** WHAT IS NEEDED **
Could you give back exactly the lines below from the one with "宇都宮 地球生さんを姓名の画数から五運を鑑定" through the one with "活动伊始,科普队以制作简易净", without a single picture?

** RECORDS FOR THE EXERCISE **
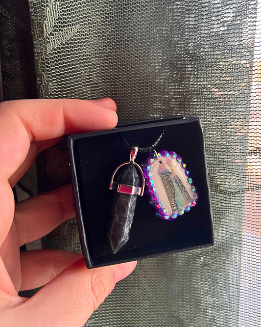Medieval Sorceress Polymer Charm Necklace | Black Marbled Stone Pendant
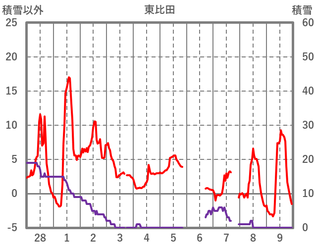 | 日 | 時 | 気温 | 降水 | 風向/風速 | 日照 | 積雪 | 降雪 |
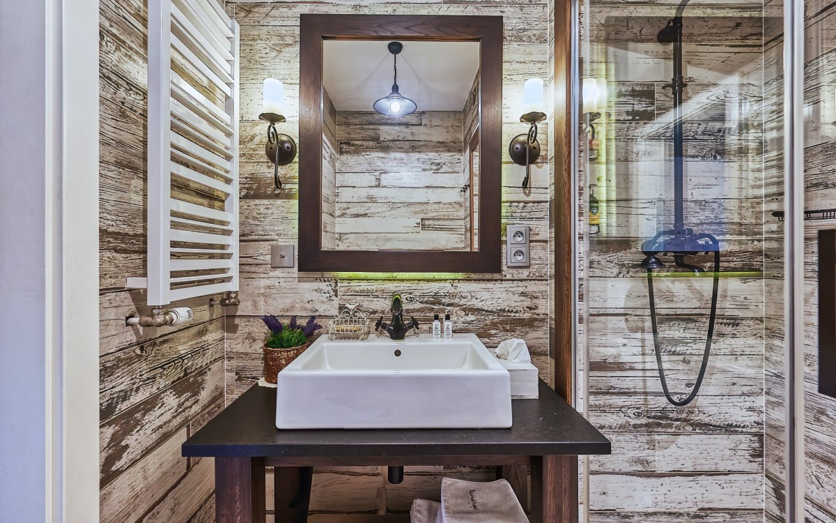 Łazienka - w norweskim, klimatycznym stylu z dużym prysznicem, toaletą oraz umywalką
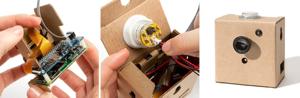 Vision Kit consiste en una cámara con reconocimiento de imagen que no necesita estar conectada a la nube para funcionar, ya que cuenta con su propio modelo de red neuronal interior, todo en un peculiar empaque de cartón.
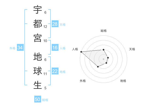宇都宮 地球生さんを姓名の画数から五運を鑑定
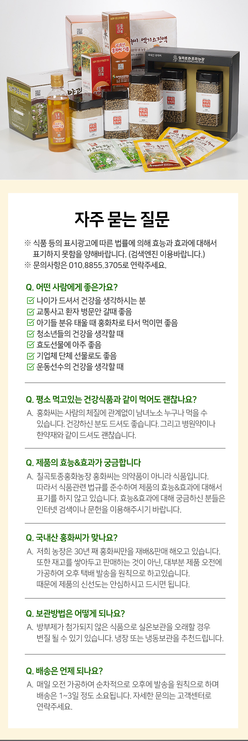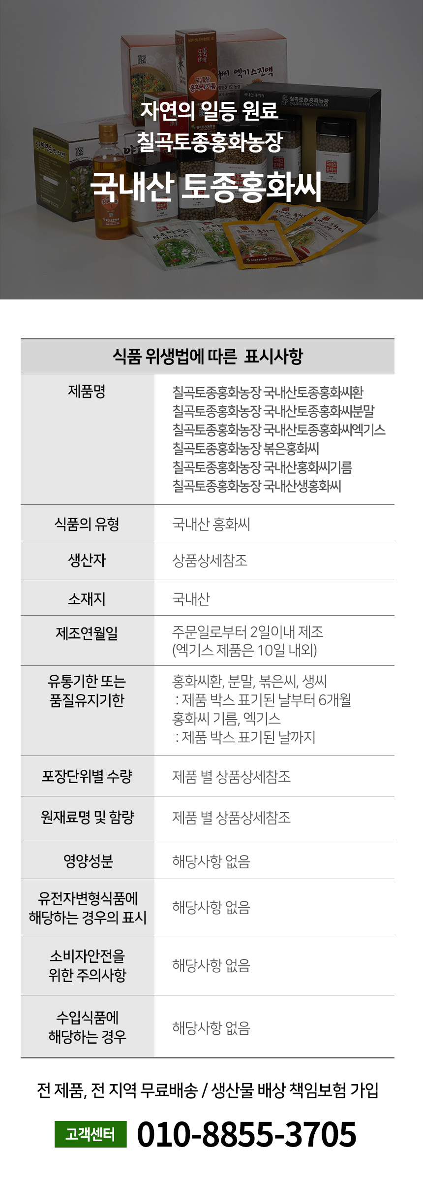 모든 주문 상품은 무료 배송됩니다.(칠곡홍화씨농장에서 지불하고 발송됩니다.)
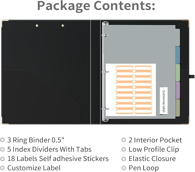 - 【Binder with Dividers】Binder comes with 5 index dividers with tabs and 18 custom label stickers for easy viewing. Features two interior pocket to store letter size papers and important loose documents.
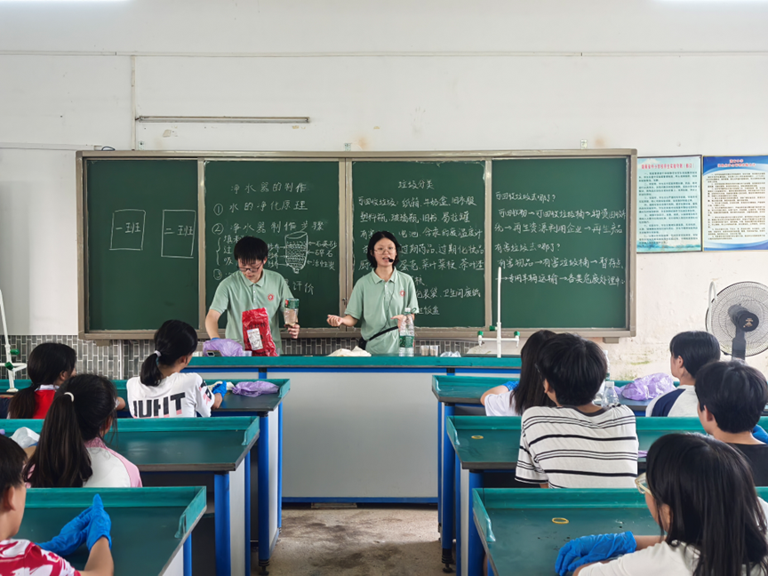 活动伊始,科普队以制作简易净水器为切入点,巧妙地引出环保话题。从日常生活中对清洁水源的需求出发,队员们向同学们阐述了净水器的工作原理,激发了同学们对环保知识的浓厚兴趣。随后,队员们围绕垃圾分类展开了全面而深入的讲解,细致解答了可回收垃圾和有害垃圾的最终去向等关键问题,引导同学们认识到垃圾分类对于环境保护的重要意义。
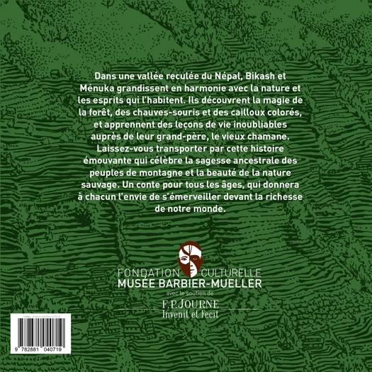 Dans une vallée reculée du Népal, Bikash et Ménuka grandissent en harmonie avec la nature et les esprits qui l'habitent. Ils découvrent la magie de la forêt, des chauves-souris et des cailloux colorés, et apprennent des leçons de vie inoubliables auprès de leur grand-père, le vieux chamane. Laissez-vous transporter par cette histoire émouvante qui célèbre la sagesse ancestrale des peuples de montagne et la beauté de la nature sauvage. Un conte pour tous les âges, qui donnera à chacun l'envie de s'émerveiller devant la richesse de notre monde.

** WRITTEN ANSWER **
宇都宮 地球生さんを姓名の画数から五運を鑑定
 모든 주문 상품은 무료 배송됩니다.(칠곡홍화씨농장에서 지불하고 발송됩니다.)
 - 【Binder with Dividers】Binder comes with 5 index dividers with tabs and 18 custom label stickers for easy viewing. Features two interior pocket to store letter size papers and important loose documents.
 活动伊始,科普队以制作简易净水器为切入点,巧妙地引出环保话题。从日常生活中对清洁水源的需求出发,队员们向同学们阐述了净水器的工作原理,激发了同学们对环保知识的浓厚兴趣。随后,队员们围绕垃圾分类展开了全面而深入的讲解,细致解答了可回收垃圾和有害垃圾的最终去向等关键问题,引导同学们认识到垃圾分类对于环境保护的重要意义。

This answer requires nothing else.